At first the children continue to plead. But as they fall into the steady rhythm of activity, feebly splashing water at the flames and then returning to the sink, their complaints gradually subside.

“This isn’t really having much of an effect,” says the middle daughter, “but at least we’re doing something.”

“Keep it up!” says Mr. Dempsey, giving them a thumbs up through the haze. “This is the only way to change things! Now you kids stay with it, I’m gonna go upstairs and see if I can find some more glasses!”

Like his counterpart, Mr. Dempsey has zero intention of returning.

The two neighbors emerge into the center of their shared street, locking eyes against the backdrop of their burning homes.

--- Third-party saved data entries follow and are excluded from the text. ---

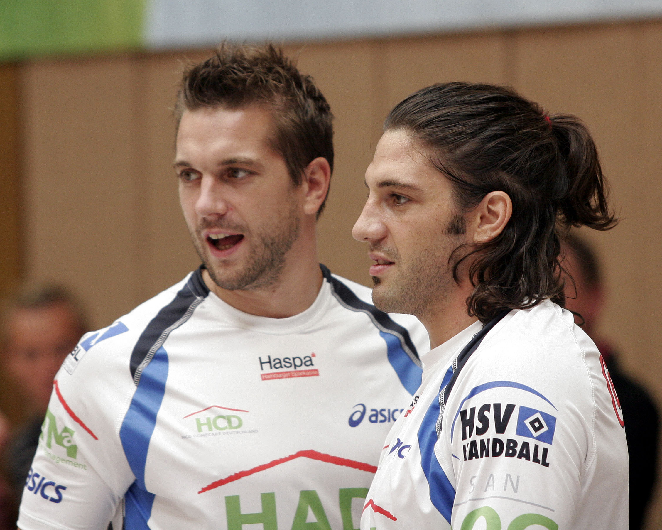 Guillaume and Bertrand Gille (left to right), the French handball players from HSV Hamburg, during the Schlecker Cup 2007 in Ehingen (Germany)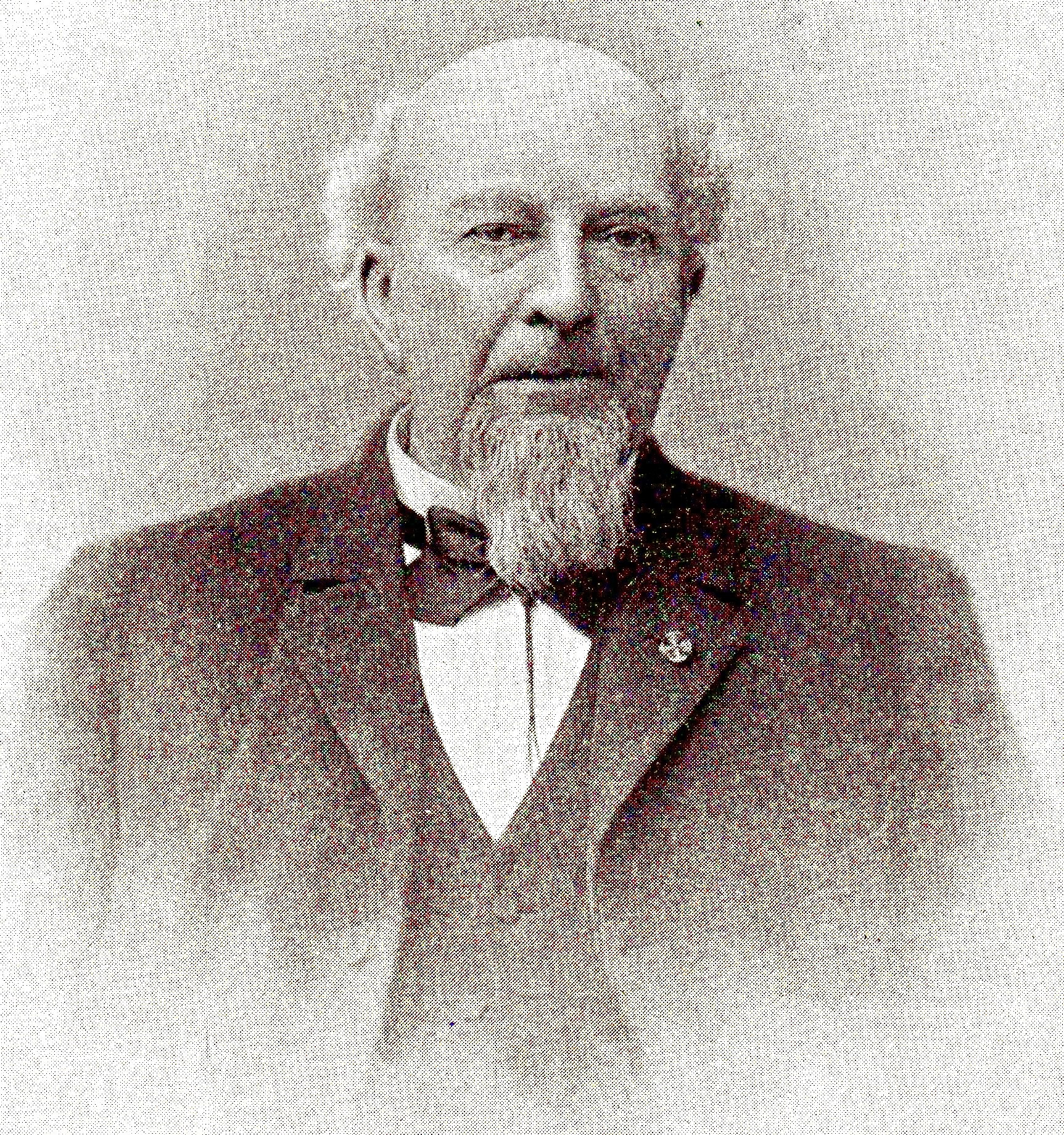 Jhr. Mr. F.J.J. van Eysinga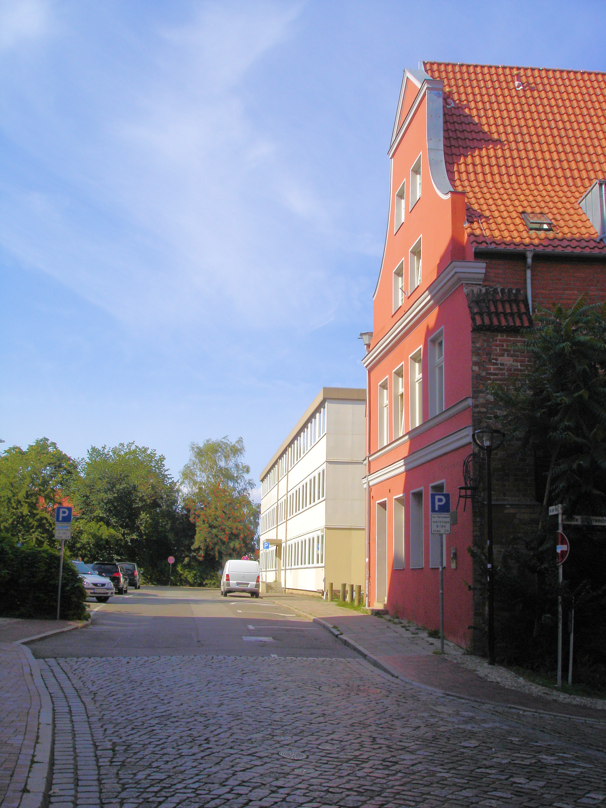 Street in the historic city of Rostock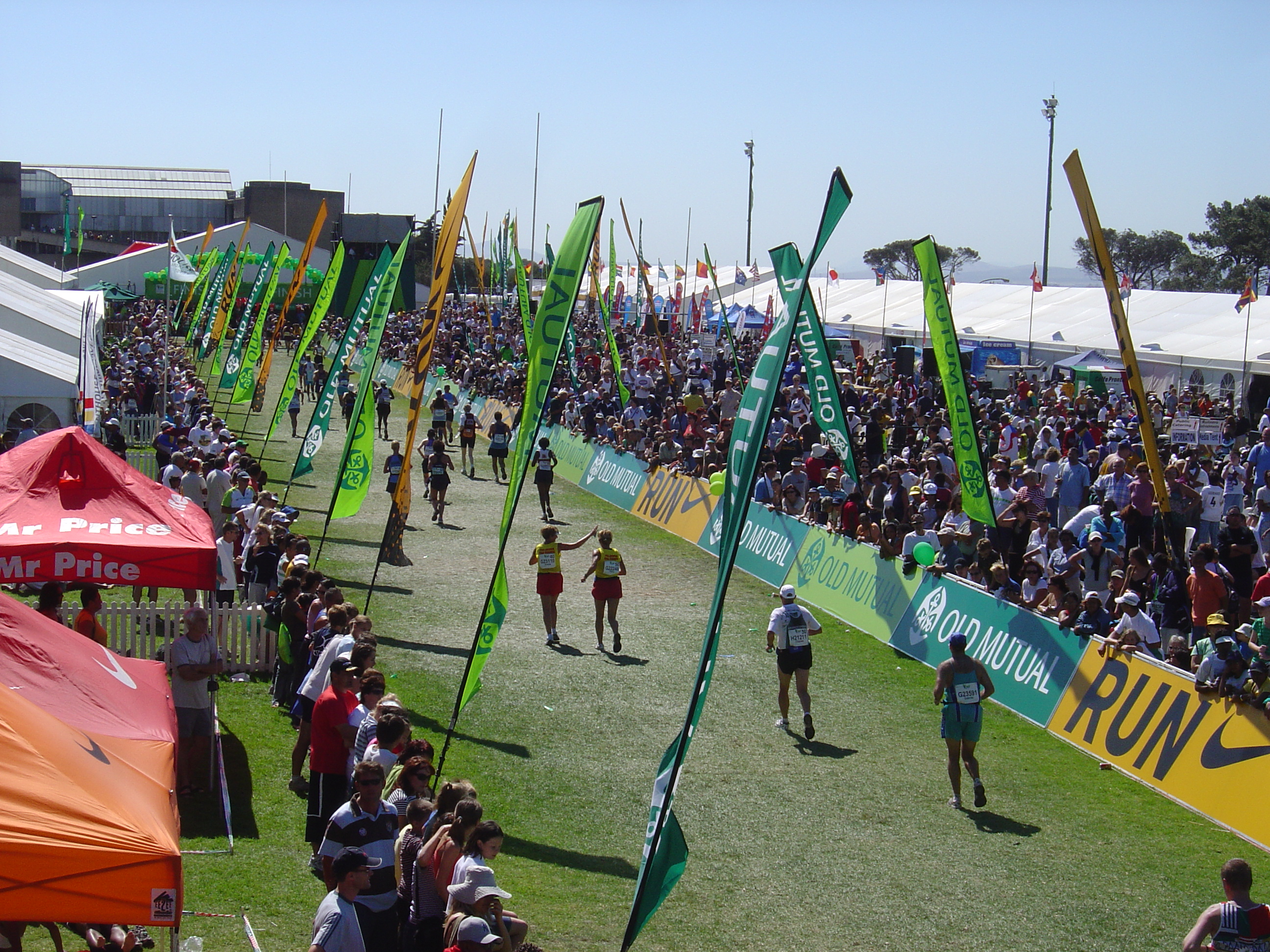 Finish of the Two Oceans Marathon at the University of Cape Town in 2007. Photo by User:Zaian.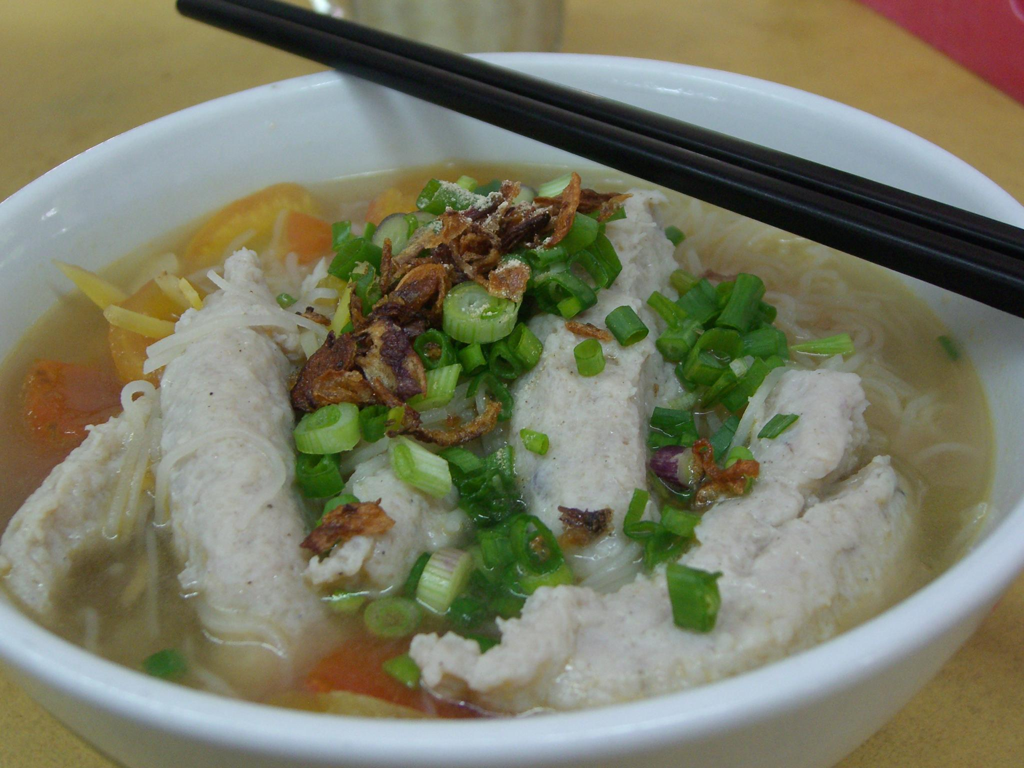 Fish Paste Noodle

They cross to the center of the road, shaking hands.

“Looks like some excitement going on at your place,” says Dempsey.

“A bit more than I’d like, I’m afraid,” chuckles Remington.

Though they love to play-act as fierce ideological rivals, the two of them really aren’t so different from one another.

They stand there chatting for a few minutes, until at last a pair of private jets descend through the sizzling updraft of smoke, landing in their neighbors’ yards.

“That looks like my ride,” says Remington. They shake hands again, and the two men depart for their second homes, many miles away from here, and from the angry inferno of the desecrated world they’ve left behind.

The children are burning.

***

Aaron Dunbar is a member of Mid-Ohio Valley Climate Action.